Netflix is raising its prices. The company’s current streaming video service costs $7.99 per month. And the price hasn’t been changed since 2010 when Netflix first introduced streaming video.
The company will raise rates by $1 or $2 per month for new subscribers. And eventually, existing subscribers will be expected to pay more too.
The simple fact is that Netflix has been making huge investment in content. With original programming of House of Cards costing $100 million, Netflix is attempting to be the Internet’s premier provider of video content.
Historically, Netflix has made a lot more money from its DVD rental business than streaming video.  DVD contribution profit was $97 million in the first quarter, meaning each subscriber was worth about $14.66.  Domestic streaming profit contribution was $201 million, meaning each subscriber was only worth $5.64.
With the margins on streaming video subscribers roughly 38% the amount of DVD subscribers, it’s clear that more price increases are coming.
For the first quarter, Netflix’s operating income tripled to $97.6 million, but free cash flow was a mere $8 million.
As a result, the company had to issue another $400 million in debt to fund its original programming. Netflix is fond of touting its original programming, yet it’s unclear how these shows contribute to the company’s bottom line.
Netflix investors should be concerned for several reasons: mounting off-balance sheet content obligations (now some $7 billion), only $1.66 billion in cash, virtually no free cash flow, and debt raised for original content.
There is simply no way Netflix can meet those content obligations. Now, that hardly means the company will cease to obtain programming.  However, the studios see Netflix as a vampire sees blood.  The studios will simply renegotiate content deals with Netflix in order to suck it dry of any free cash it ever has.  If Netflix can’t make good on content it is being exclusively provided, the studios will sell it to someone else, like Amazon (NASDAQ:AMZN) or Apple (NASDAQ:AAPL).
That’s why Netflix is raising debt for original programming. Rather than feed the studios every last dime it has, it instead raises money for programming it owns…to sell to other distributors after Netflix is finished with the content.  Netflix sees more ROI on making an investment in content it owns then in renting the content of others.  Unfortunately, a small slate of TV shows won’t keep it afloat.  It must still license other content in perpetuity.
All the while, Netflix will have to continue ratcheting up subscriber fees, little by little. It will never have much free cash flow as it meets content obligation payments.  The very best Netflix can hope for is that it reaches some maximum number of subscribers that throw off enough cash to maintain certain amounts of content, while possibly making money by selling the content it produces to other parties, also to purchase content. So while investors may see growth in operating income as subscriber base and fees expand, it will never see sustainable free cash flow.  That makes the stock worth very little in the long run.

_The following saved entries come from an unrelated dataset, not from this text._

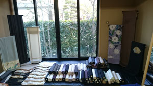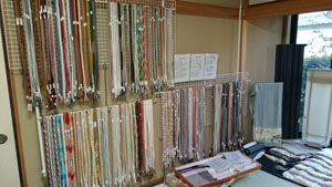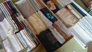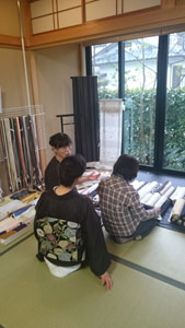 彩匠の展示会は、勉強をする場です。 京都へ出向いて、一点一点選品した物しか並びません。実際に手に取りそれぞれの手触りや、風合いを自分で感じます。そして、そこに注がれている職人さんの技術を学びます。物の価値にあった値段を知ることも、大切な勉強です。 さらに自分に似合うものがどういうものなのか、色や柄(絵柄だけではなく柄の大きさなども!)等学びます。 又、自分ではわかりにくいコーディネート(色合わせや、格合わせなども)の勉強も!! 沢山の商品があるからこそ出来る、貴重な時間です。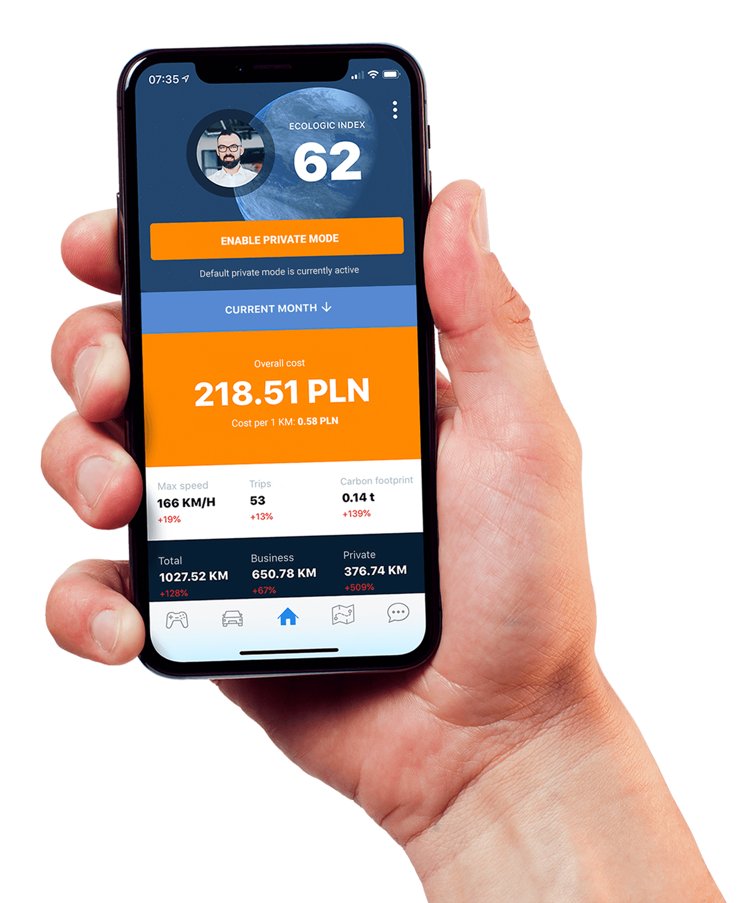 The hourly schedule and driving mode detection system enable automation of repetitive work. An automated process that enables the cost of using the car for an employee’s private purposes to be legally deducted. The hourly schedule will automatically qualify trips as private if they are taken within a certain time period. Thanks to the import of leaves and absences of employees, you can be sure that all private routes are correctly marked. Ecologic can automatically mark private trips taken on all public holidays. The system will recognise when the driver has gone abroad and will apply a special rate per km, which doesn’t include fuel. The system will charge the employee for private trips according to the rate determined by their driving style in a given month. Each employee may receive a pool of free kilometres, after which they will be charged according to specified rules. Ecologic will automatically detect and mark trips from home to work and from work to home. The system will automatically indicate additions to income, taking into account the days on which the employee used the car. The mobile application is the driver’s personal fleet assistant. The employee has up-to-date insight into all routes travelled, their cost and statistics regarding their driving style. The driver also has the option to manually mark routes as private. The driver can activate the private mode at any time for the next route, until the end of the day or until a selected date. If a Saturday, business trip is marked as private, just open the application and change the route to business trip with two clicks. Accounting for private use of cars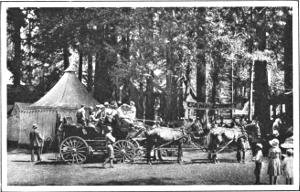 This is camp life in its most elementary aspect. From that the conditions of tent and bungalow life in the Valley range up to the finely equipped and organized camps, where the visitor may enjoy all the advantages and luxuries of comfortable hotel life, while at the same time living close to the ground. The established camps at present are Awahnee, El Capitan, Yosemite Camp, Lost Arrow and Camp Curry. The affairs of each camp are managed from its own central office, a building where mail is received and the interests of the campers are looked after. The daily life of these communities is full of incident. Each camp has its entertainments and its gala performances. One has a fine, large bathing pavilion and plunge; another, a festival hall. Moving pictures are exhibited in the evenings; there are lectures and concerts; and a large, well equipped dancing pavilion makes the hours fly fast for young people. Communication between the camps is easy, for there are auto-buses, “jitneys,” as well as ponies and burros, and things are stirring actively among the camps most of the time. No one need lack for entertainment. Between the single tent in a remote part of the Valley and the populous camp community there is a wide range for choice, and variety of conditions enough to make everyone happy.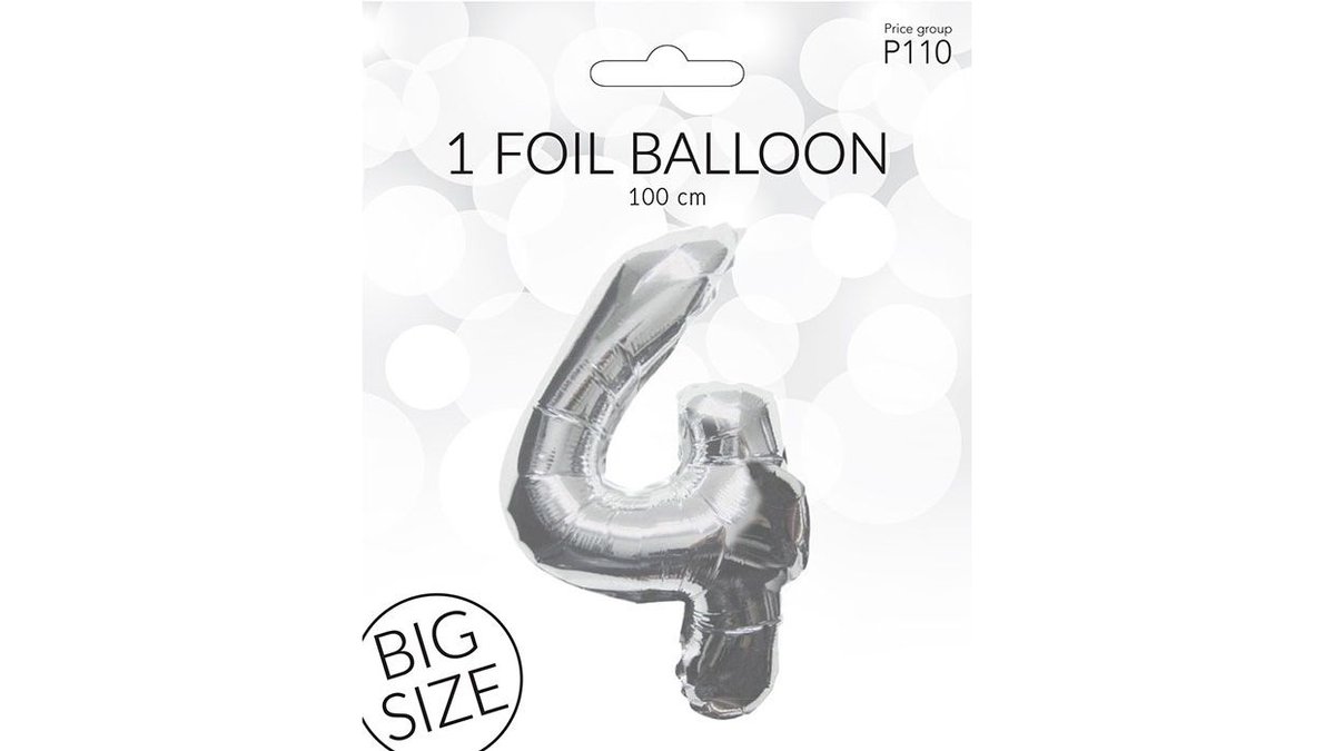 Folieballon i sølv af tallet 4. Måler 100cm.

Amidst all of this, the company must deal with competition.  Wouldn’t you know it – Amazon just announced with deal with Time Warner’s (TWX) subsidiary HBO.  Prime customers can now get HBO content via streaming video.
So there is simply no way to justify Netflix’s $353 price tag, which represents a 84x multiple.  That, however, does not mean the stock can’t go higher.  When it comes to a momentum stock that few investors truly understand, anything can happen.
Lawrence Meyers does not own shares in any company mentioned.